[Collected data]
_____

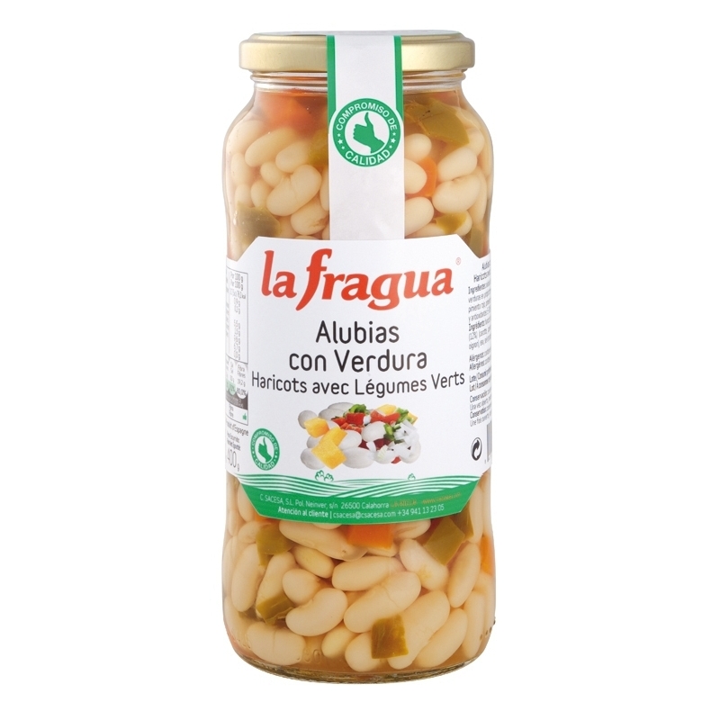 Ingredientes: alubias blancas, agua, hortalizas en proporción variable (10%) (pimiento verde, zanahoria, pimiento rojo y cebolla), sal, secuestrante: E-385 y antioxidante: E-223 (sulfitos).
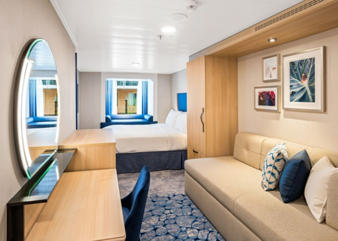 1K - Veľká vonkajšia kajuta Ultra Spacious 25 m². Neotvárateľné okno. 11. paluba. Oddelená časť s poschodovou posteľou. Max 6 osôb | 3 356 € 1 678 € za osobu | ||
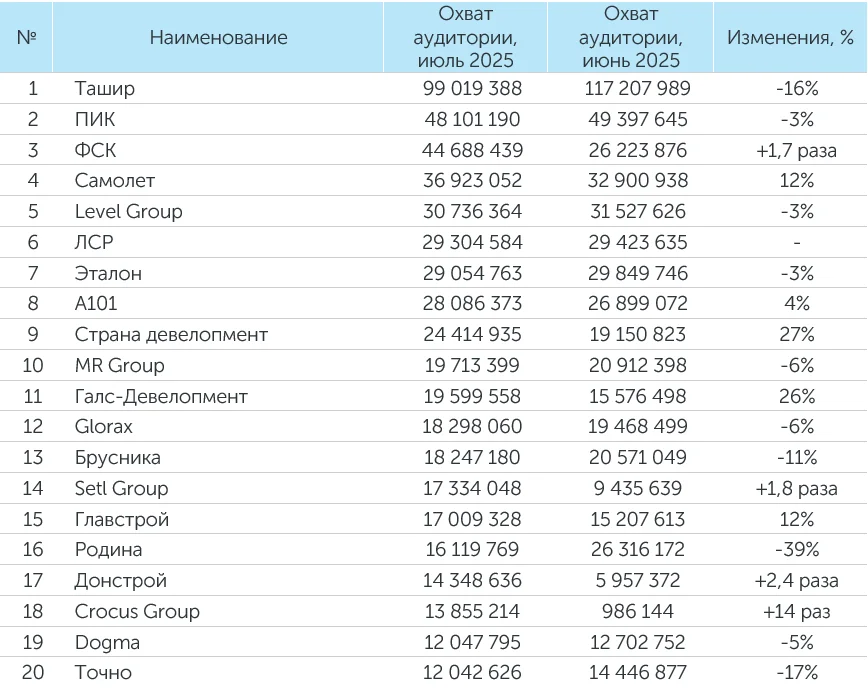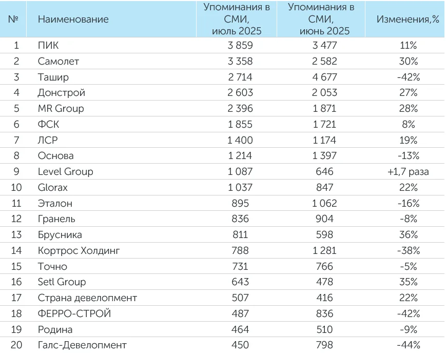 Система мониторинга и анализа СМИ и соцмедиа СКАН-Интерфакс совместно с онлайн-порталом «Строительная газета» подготовили медиарейтинг девелоперских компаний за июль 2025 года. В рейтингах девелоперов в июле 2025 года сохранили свое присутствие ГК «Ташир», ГК ПИК, ГК «Самолет» и ГК ФСК.
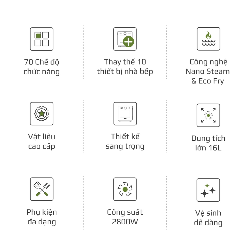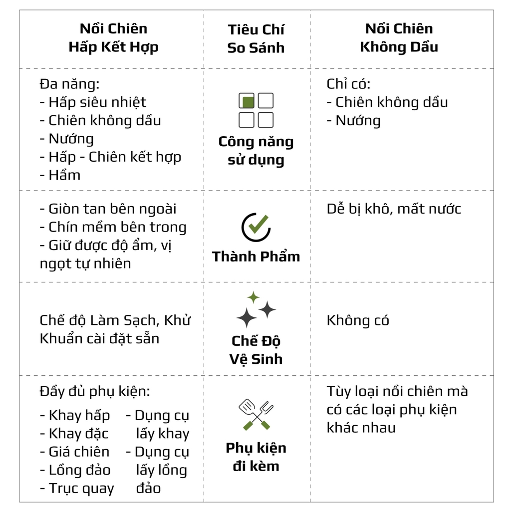 Chiên không dầu chiên đồ ăn vàng giòn mà không cần dùng đến dầu mỡ, giảm đến 95% lượng dầu mỡ dư thừa trong bữa ăn hàng ngày. Trong khi đó, hấp đồ ăn bằng hơi nước siêu nhiệt giúp giảm thời gian hấp, đồng thời bảo toàn tối đa dinh dưỡng có trong thực phẩm.
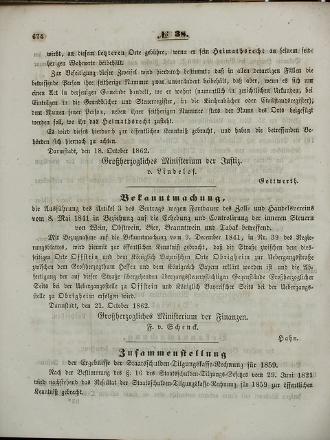 Grossherzoglich Hessisches Regierungsblatt Nr. 38 vom Oktober 1862, Seite 674 |
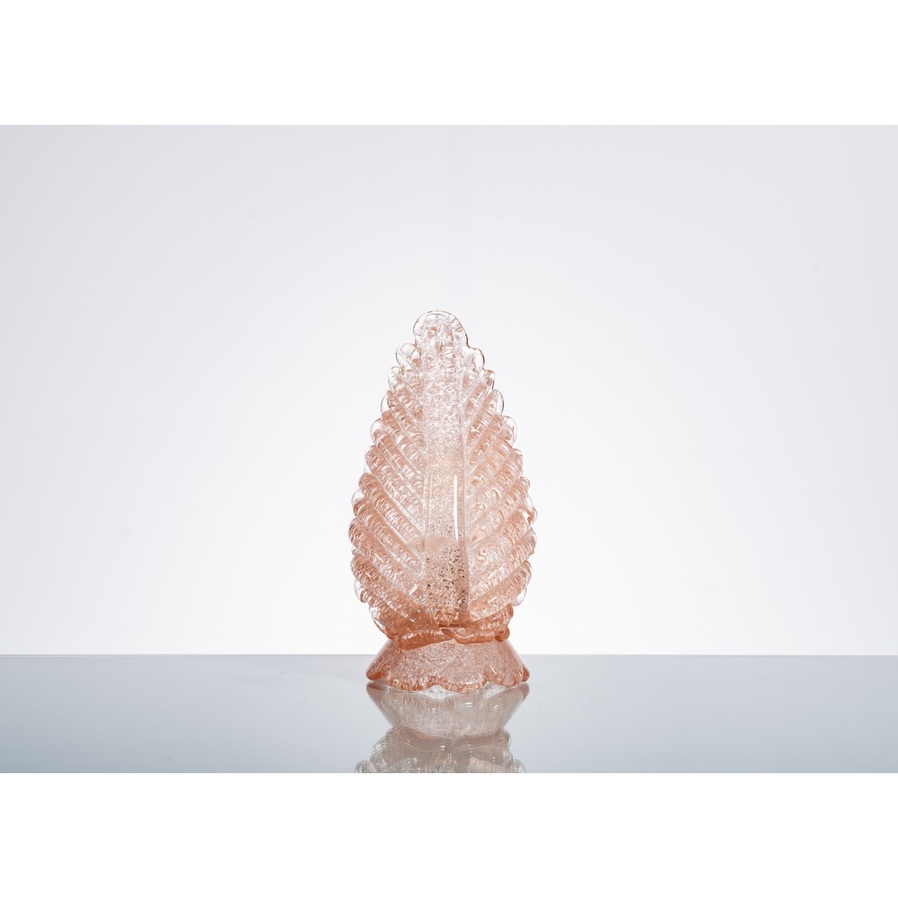 Lampada da tavolo ad una luce in vetro rosa, diffusore a foglia su base a petali.

_____

● The task: Omit the images and transcribe all of the records above word for word.

● Result:
 Ingredientes: alubias blancas, agua, hortalizas en proporción variable (10%) (pimiento verde, zanahoria, pimiento rojo y cebolla), sal, secuestrante: E-385 y antioxidante: E-223 (sulfitos).
 1K - Veľká vonkajšia kajuta Ultra Spacious 25 m². Neotvárateľné okno. 11. paluba. Oddelená časť s poschodovou posteľou. Max 6 osôb | 3 356 € 1 678 € za osobu | ||
 Система мониторинга и анализа СМИ и соцмедиа СКАН-Интерфакс совместно с онлайн-порталом «Строительная газета» подготовили медиарейтинг девелоперских компаний за июль 2025 года. В рейтингах девелоперов в июле 2025 года сохранили свое присутствие ГК «Ташир», ГК ПИК, ГК «Самолет» и ГК ФСК.
 Chiên không dầu chiên đồ ăn vàng giòn mà không cần dùng đến dầu mỡ, giảm đến 95% lượng dầu mỡ dư thừa trong bữa ăn hàng ngày. Trong khi đó, hấp đồ ăn bằng hơi nước siêu nhiệt giúp giảm thời gian hấp, đồng thời bảo toàn tối đa dinh dưỡng có trong thực phẩm.
 Grossherzoglich Hessisches Regierungsblatt Nr. 38 vom Oktober 1862, Seite 674 |
 Lampada da tavolo ad una luce in vetro rosa, diffusore a foglia su base a petali.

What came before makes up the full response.